Here, the optimization problem (objective function) is specified as a function fval, gval = fg(x) that returns both the function value and its gradient at a given point x. The function value fval is assumed to be a real number of some type T<:Real. Both x and the gradient gval can be of any type, including tuples and named tuples. As a user, you should then also specify the following functions via keyword arguments

  • Pη = precondition(x, η): apply a preconditioner to the current gradient or tangent vector η at the position x
  • x, f, g = finalize!(x, f, g, numiter): after every step (i.e. upon completion of the linesearch), allows to modify the position and corresponding function value or gradient, or to do other things like printing out statistics. Note that this step happens before computing new directions in Conjugate Gradient and LBFGS, so if f and g are modified, this is at the user's own risk (e.g. Wolfe conditions might no longer be satisfied, ...).
  • x, ξ = retract(x₀, η, α): take a step in direction η (same type as gradients) starting from point x₀ and with step length α, returns the new x(α) = Rₓ₀(α * η) and the local tangent to this path at that position, i.e. ξ = D Rₓ₀(α * η)[η] (informally, ξ = dx(α) / dα).
  • s = inner(x, ξ1, ξ2): compute the inner product between two gradients or similar objects at position x. The x dependence is useful for optimization on manifolds, where this function represents the metric; in particular it should be symmetric inner(x, ξ1, ξ2) == inner(x, ξ2, ξ1) and real-valued.
  • η = scale!(η, β): compute the equivalent of η*β, possibly in place, but we always use the return value. This is mostly used as scale!(g, -1) to compute the negative gradient as part of the step direction.
  • η = add!(η, ξ, β): compute the equivalent of η + ξ*β, possibly overwriting η in place, but we always use the return value
  • ξ = transport!(ξ, x, η, α, x′): transport tangent vector ξ along the retraction of x in the direction η (same type as a gradient) with step length α, can be in place but the return value is used. Transport also receives x′ = retract(x, η, α)[1] as final argument, which has been computed before and can contain useful data that does not need to be recomputed

Note that the gradient g of the objective function should satisfy d f(x(α)) / d α = inner(x(α), ξ(α), g(x(α))). There is a utility function optimtest to facilitate testing this compatibility relation for your given choice of fg, retract and inner.

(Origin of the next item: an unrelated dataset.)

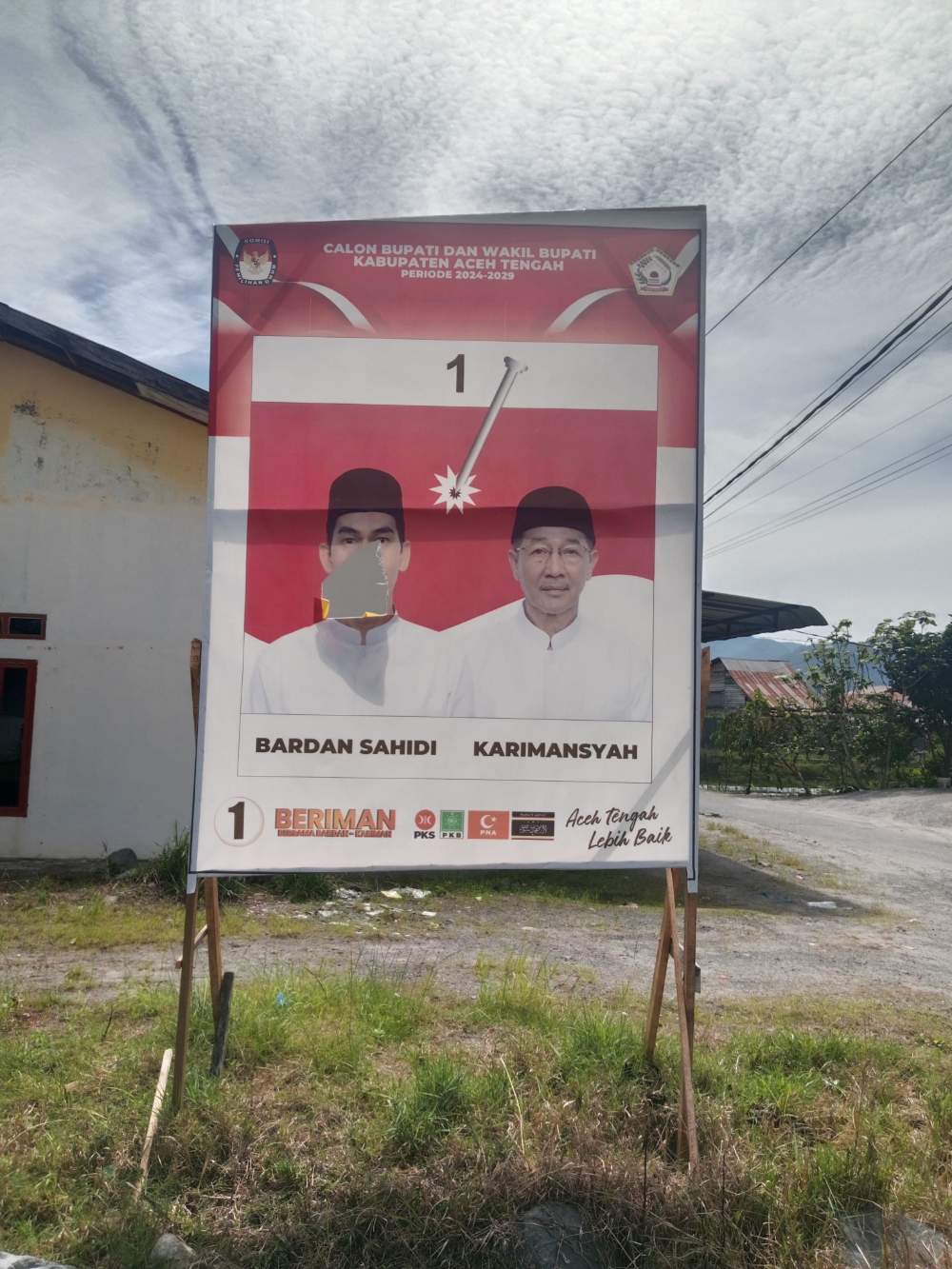Ada beberapa titik lokasi dimana baliho pasangan dengan akronim Beriman (Bersama Bardan-Kariman) yang dirusak OTK, minsalnya di Kala Lengkio, Kecamatan Kebayakan.

The GradientDescent algorithm only requires the first three, ConjugateGradient and LBFGS require all five functions. Default values are provided to make the optimization algorithms work with standard optimization problems where x is a vector or Array, i.e. they are given by

_retract(x, η, α) = (x + α * η, η)
_inner(x, ξ1, ξ2) = ξ1 === ξ2 ? LinearAlgebra.norm(ξ1)^2 : LinearAlgebra.dot(ξ1, ξ2)
_transport!(ξ, x, η, α) = ξ
_add!(η, ξ, β) = LinearAlgebra.axpy!(β, ξ, η)
_scale!(η, β) = LinearAlgebra.rmul!(η, β)

Finally, there is one keyword argument isometrictransport::Bool to indicate whether the transport of vectors preserves their inner product, i.e. whether

inner(x, ξ1, ξ2) == inner(retract(x, η, α), transport!(ξ1, x, η, α), transport!(ξ2, x, η, α))

The default value is false, unless the default transport (_transport!) and inner product (_inner) are used. However, convergence of conjugate gradient and LBFGS is more robust (or theoretically proven) in the case of isometric transport. Note that isometric transport might not be the same as retraction transport, and thus, in particular ξ != transport(η, x, η, α, x′). However, when isometric transport is provided, we complement it with an isometric rotation such that ξ = D Rₓ₀(α * η)[η] and transport(η, x, η, α) are parallel in the case of LBFGS. This is the so-called locking condition of Huang, Gallivan and Absil, and the approach is described in section 4.1.